ENTRIES PROVIDED
_ _ _ _ _ _ _
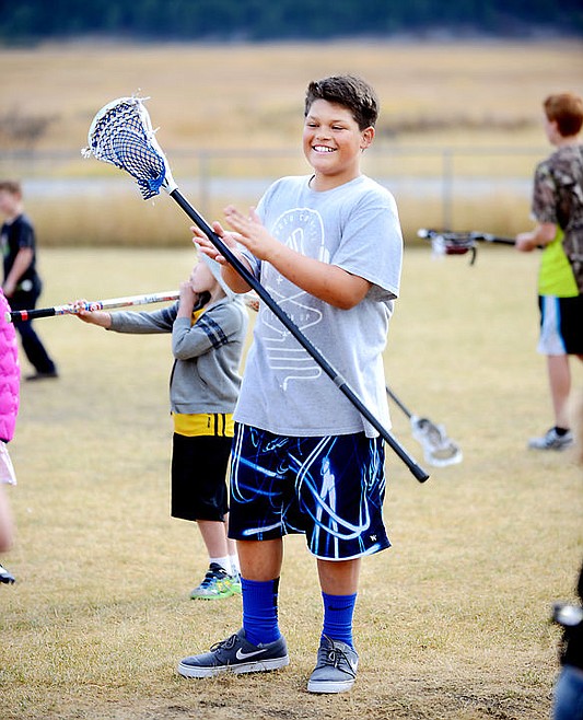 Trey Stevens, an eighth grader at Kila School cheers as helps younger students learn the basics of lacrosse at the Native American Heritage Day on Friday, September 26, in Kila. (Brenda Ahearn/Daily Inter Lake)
_ _ _ _ _ _ _
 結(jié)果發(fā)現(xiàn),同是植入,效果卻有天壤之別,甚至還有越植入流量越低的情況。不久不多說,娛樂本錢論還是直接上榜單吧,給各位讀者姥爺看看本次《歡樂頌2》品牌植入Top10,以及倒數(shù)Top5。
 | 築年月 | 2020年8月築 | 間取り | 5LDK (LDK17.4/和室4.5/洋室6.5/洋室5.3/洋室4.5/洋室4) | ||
_ _ _ _ _ _ _
YOUR TASK
Go through the listing above and write out exactly the lines starting with the one holding "結(jié)果發(fā)現(xiàn),同是植入,效果卻" and running through the one holding "(LDK17.4/和室4.5/洋室6.5/洋室5.3/洋室4.5/洋室4) | ||", ends included, and no others.

WRITTEN ANSWER
 結(jié)果發(fā)現(xiàn),同是植入,效果卻有天壤之別,甚至還有越植入流量越低的情況。不久不多說,娛樂本錢論還是直接上榜單吧,給各位讀者姥爺看看本次《歡樂頌2》品牌植入Top10,以及倒數(shù)Top5。
 | 築年月 | 2020年8月築 | 間取り | 5LDK (LDK17.4/和室4.5/洋室6.5/洋室5.3/洋室4.5/洋室4) | ||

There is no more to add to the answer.